Tanda baligh yang ketiga adalah haidh, yang merupakan tanda khusus bagi perempuan. Haidh sebagai tanda baligh bagi perempuan merupakan tanda yang telah disepakati oleh para ulama, dan tidak ada perselisihan di dalamnya. Ibnu Hajar al-Asqalani menerangkan:
وقد أجمع العلماء على أن الحيض بلوغ في حق النساء
“Para ulama telah sepakat/ijma’ bahwasannya haid merupakan tanda baligh bagi wanita” (Fathu al-Bari, 5/277)
Adapun batas awal umur keluarnya adalah sembilan tahun menurut perhitungan bulan qamariyah. Dalam hal ini, usia yang diperlukan seorang perempuan dikatakan menginjak baligh dengan haid tidak harus sembilan tahun pas. Artinya ketika keluar darah haid sedangkan usianya belum genap sembilan tahun, sudah bisa disebut haid dengan syarat jarak antara darah yang keluar dan masa suci dengan genapnya umur kesembilan tidak melebihi enam belas hari. (Nailu ar-Raja bisyarhi Safinati al-Naja, hlm.20)
Sedangkan para ulama berbeda pendapat terkait dengan masa haidh; Ulama Hanafiyah berpendapat bahwa masa minimal haidh adalah tiga hari tiga malam, jika darah keluar pada masa kurang dari itu, maka ia bukanlah darah haidh tetapi darah istihadhah. Biasanya darah haidh keluar selama lima hari dan maksimal sepuluh hari sepuluh malam, jika melewati itu maka dianggap juga sebagai darah istihadhah.

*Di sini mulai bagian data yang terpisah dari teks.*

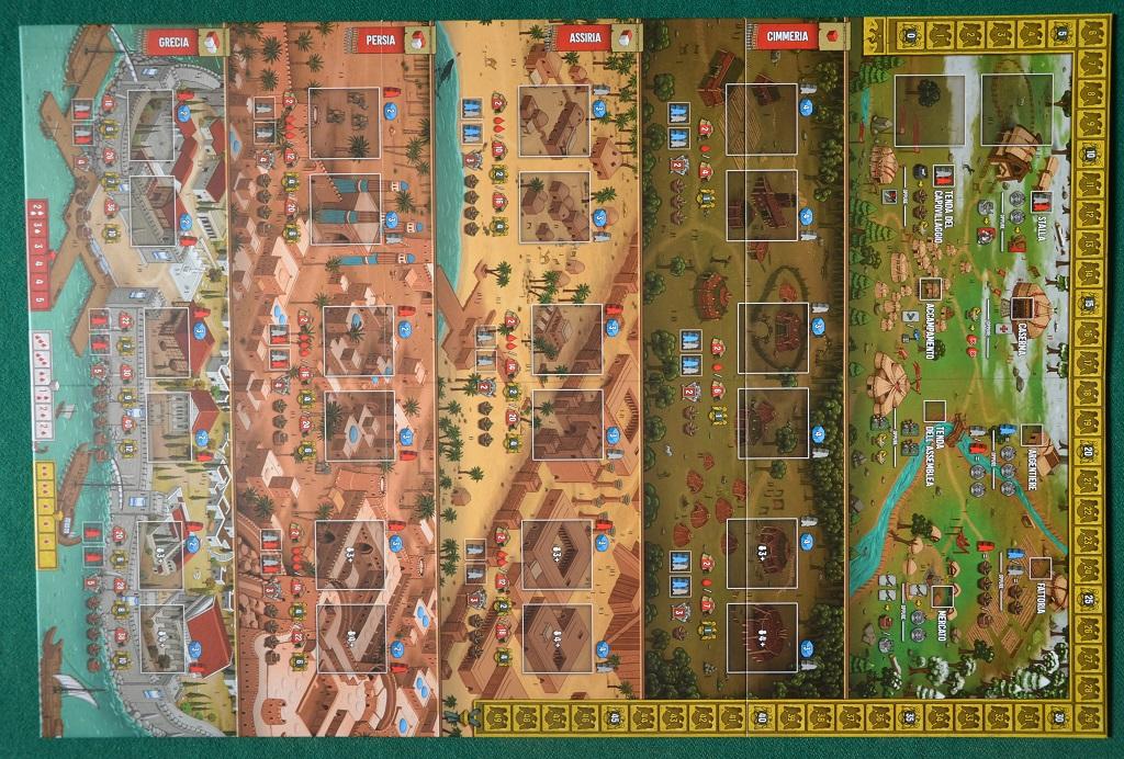 Il tabellone rappresenta la regione Sciita (in alto) e quelle vicine: Cimmeria, Assiria, Persia e Grecia. In Scizia ci posano due tessere “Missione” e 3 lavoratori blu in 3 delle 8 caselle “Azione”: su queste ultime sarà possibile posare il proprio lavoratore per ottenere risorse, carte, truppe ed effettuare Missioni per guadagnare Punti Vittoria (PV). Su ognuna delle altre regioni (Grecia esclusa) vengono invece posate 6 tessere Missione con 2-4 segnalini “bottino” (oro, legno, bestiame o carro) ciascuna.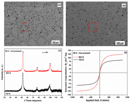 SEM micrographs of the 60−h milled Fe80Nb10B10 metallic glass hot−pressed at (a) 703 K with 880 MPa and (b) 903 K with 640 MPa. The red mark is the crack on the surface of the material after hot pressing. (c) XRD patterns of the 60 h milled samples after hot pressing at 723 K and 903 K. α−Fe is stable at temperatures of 703 K and 903 K. (d) Hysteresis loops for the 60 h milled samples hot-pressed at 723 K and 903 K. The saturation magnetization of the samples hot pressed at 703 and 903 K are 90 and 125 Am2/kg, respectively, reprinted with permission from Ref. [106] 2017, Elsevier.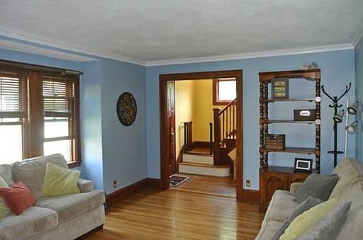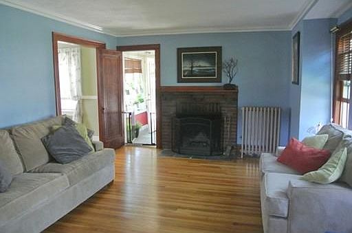 Lovely Colonial in a location to meet all your needs. Spacious first floor that includes a wood burning fireplace in the living room with natural woodwork and hardwood floors. Living room leads to cozy sunroom with outside access. Enter through the French door to the dining room with chair rail, crown moldings and hardwood floors. Eat in kitchen with newer appliances and half bath. Three bedrooms and full bathroom on second floor. Walk up attic that is not heated but has wall to wall and electricity. Bonus above grade sun filled family room in lower level. Perfect time of the year to enjoy the fenced in yard and finished patio area. High efficiency gas heat installed in 2012 and new roof in 2014. Walk to the commons, schools and Mount Hood.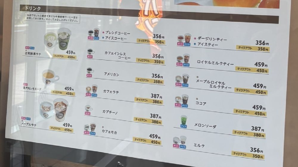 ドリンクメニューです。JAS認定を受けた有機栽培コーヒー豆を使用しているとのこと。瀬戸内レモネード、カフェインレスコーヒー、アメリカン、カプチーノはホットのみ、メロンソーダーはアイスのみですが、あとはホットとアイス両方から選べます。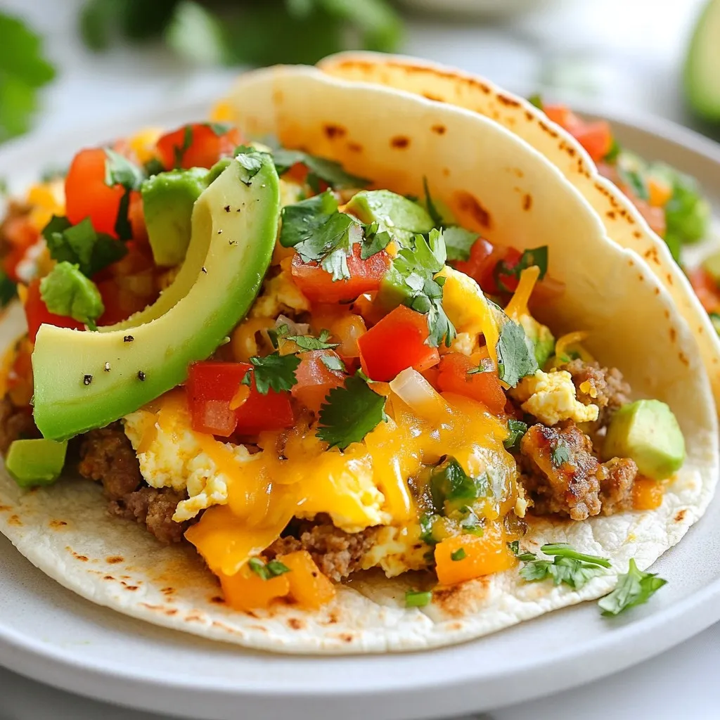- 1 lb breakfast sausage - 6 large eggs - 1 cup shredded cheddar cheese - 1 cup diced bell peppers - 1/2 cup finely diced onions - 1 can (4 oz) diced green chiles - 1 tsp garlic powder - 1 tsp ground cumin - Salt and black pepper to taste - Fresh cilantro - Avocado slices For this recipe, start with the main ingredients. I use breakfast sausage for a savory base. Six large eggs create a fluffy filling. Shredded cheddar cheese adds a creamy touch. I love using a mix of colorful bell peppers for flavor and fun. Finally, some finely diced onions give depth to the dish. Next, we add seasoning and garnish. Diced green chiles bring a mild heat that enhances the dish. Garlic powder and ground cumin offer warmth and depth. Don't forget to season with salt and black pepper to taste. Fresh cilantro adds brightness, while ripe avocado slices provide creaminess. These add-ons make each bite special and fresh. This ingredient list helps you build a tasty and satisfying meal. You can easily find these items at your local store. They combine to create a hearty breakfast taco that everyone will love! {{ingredient_image_2}} - Cooking breakfast sausage: Start by crumbling 1 pound of breakfast sausage into a medium skillet. Cook over medium heat for 6-8 minutes until it is browned and fully cooked. Drain any grease before moving the sausage to the slow cooker. - Whisking eggs with vegetables and seasonings: In a large mixing bowl, crack 6 large eggs. Whisk them until they are well beaten. Next, add 1 cup of diced bell peppers, 1/2 cup of finely diced onions, and 1 can of drained diced green chiles. Season with 1 teaspoon each of garlic powder and ground cumin. Add salt and freshly cracked black pepper to your taste. Stir well to combine everything. - Layering ingredients in the slow cooker: Carefully pour the egg mixture over the cooked sausage in the slow cooker. Spread it evenly so every bite gets flavor. - Cooking times for low and high settings: Cover the slow cooker with its lid. Set it to cook on low for 4 hours or high for 2 hours. The eggs are done when they have set and cooked through. Stir occasionally to ensure even cooking. - Adding shredded cheese: Once the taco filling is fully cooked, sprinkle 1 cup of shredded cheddar cheese on top. Cover the slow cooker again and let it sit on warm for about 10 minutes. This lets the cheese melt nicely. - Warming tortillas: While the cheese melts, warm 8 small flour tortillas. You can do this in a dry skillet over medium heat for about 30 seconds on each side. Alternatively, microwave them for 20 seconds until they are soft. - Assembling and garnishing the tacos: To assemble, take a warm tortilla and spoon a generous amount of the breakfast mixture in the center. Add fresh cilantro and a couple of avocado slices for creaminess and extra flavor. - Best sausage to use: I recommend using a mild breakfast sausage. It gives a great flavor and won’t overpower the dish. If you like spice, try a hot sausage for a kick. - How to avoid overcooking the eggs: Keep an eye on your slow cooker. Cook on low for 4 hours or high for 2 hours. Stir occasionally to ensure even cooking. - Presentation ideas for serving: Serve the tacos on a bright platter. Add extra cilantro and avocado slices on the side. This allows guests to customize their tacos. A drizzle of hot sauce adds a nice touch and some heat. - Pairing drinks with breakfast tacos: A fresh juice or a light coffee pairs well. If you want something fun, try a mimosa or a spicy Bloody Mary. - Substitutions for vegetables: You can swap bell peppers for zucchini or spinach. Both add color and flavor. Feel free to mix in your favorite veggies based on what you have. - Adding different types of cheese: While cheddar cheese is classic, you can try pepper jack for spice or a creamy Monterey Jack for a milder taste. Each cheese brings its own unique flavor to the tacos. Pro Tips Use Fresh Ingredients: Opt for fresh, locally sourced vegetables and high-quality sausage for the best flavor in your breakfast tacos. Customize Your Spice Level: Adjust the heat by adding more or fewer diced green chiles or incorporating jalapeños for an extra kick. Perfectly Warm Tortillas: Warm tortillas in a skillet instead of the microwave to achieve a better texture and flavor. Make Ahead: Prepare the filling a day in advance and store it in the refrigerator. Reheat in the slow cooker before serving for a quick breakfast option. {{image_4}} You can switch up the meat in your tacos. Try using turkey or chicken sausage instead of regular sausage. These options are leaner and still pack great flavor. If you want a vegetarian choice, black beans work well too. They add protein and a nice texture. Simply replace the sausage with a can of rinsed black beans. You’ll still enjoy a hearty taco! Want to add a little zing? Try adding spices like paprika or chili powder. These spices boost the flavor and give your dish a warm kick. You can also experiment with different types of peppers. Jalapeños or poblano peppers add heat. If you prefer milder options, go for bell peppers. The choice is yours! If you need gluten-free options, look for gluten-free tortillas. Many brands offer tasty choices that work great in tacos. For those avoiding dairy, consider using dairy-free cheese. There are many brands that melt nicely and taste great. These swaps let everyone enjoy breakfast tacos, no matter their diet! To keep your breakfast tacos fresh, store them in an airtight container. Make sure to cool them down before you put them in the fridge. Breakfast tacos can last up to three days in the fridge. Always check for any off smell or change in texture before eating. If you want to freeze the taco filling, let it cool first. Then, place it in a freezer-safe bag. Try to remove as much air as possible to avoid freezer burn. The filling can last up to three months in the freezer. When you're ready to eat, thaw it overnight in the fridge. Reheat it on the stove or in 
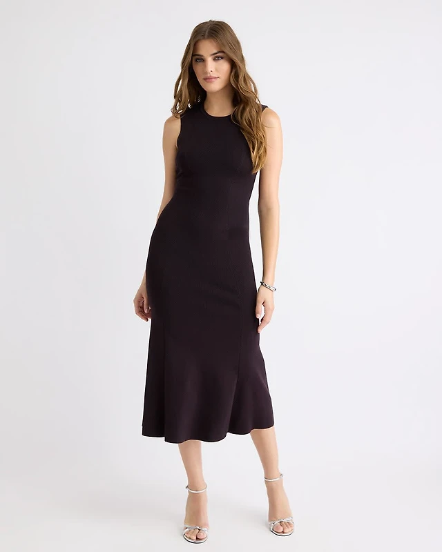 Sleeveless Crew-Neck Midi Dress with Cut-Out Details

Ulama Malikiyah berpendapat bahwa haidh paling minimal adalah satu tetes, darah tersebut dianggap darah haidh dan wajib mandi jika darah itu berhenti. Adapun paling maksimal adalah lima belas hari.
Lalu ulama Syafi’iyah dan Hanabilah berpendapat bahwa masa minimal haidh dalam satu hari satu malam, paling umum adalah enam sampai tujuh hari, dan maksimal adalah lima belas hari. Apabila kurang dari itu maka dihitung sebagai darah istihadhah atau darah penyakit. (Al-Wajiz fi al-Fiqhi al-Islami, hlm.119)
Tanda-Tanda Lainnya
Selain dari tiga tanda yang disebutkan dalam kitab safinatunnaja, terdapat beberapa tanda yang disebutkan oleh para ulama sebagai tanda balighnya seseorang. Diantaranya;
Pertama, al-Inbat atau tumbuhnya bulu kemaluan. Hal ini didasarkan kepada Hadits Nabi ﷺ;”Pada perang bani Quraizhah, kami dihadapkan kepada Nabi . Saat itu, orang-orang yang telah tumbuh bulu kemaluannya dibunuh, sementara orang-orang yang belum tumbuh bulu kemaluannya dibiarkan hidup. Dan aku termasuk orang-orang yang belum tumbuh bulu kemaluannya, maka aku pun dibiarkan”.(HR. Abu Dawud)
Ibnu Qudamah Berkata: “Adapun al-inbat, yaitu tumbuhnya rambut kasar di sekitar kemaluanlaki-laki atauwanita, yang hendaknya dibersihkan dengan pisau cukur. Adapun bulu-bulu halus, maka tidak dianggap. Bulu halus ini biasanya sudah tumbuh pada masa anak-anak. Inilah yang menjadi pendapat Imam Malik, dan juga Imam Asy-Syafi’i dalam salah satu pendapatnya” (Al-Mughni, 4:551)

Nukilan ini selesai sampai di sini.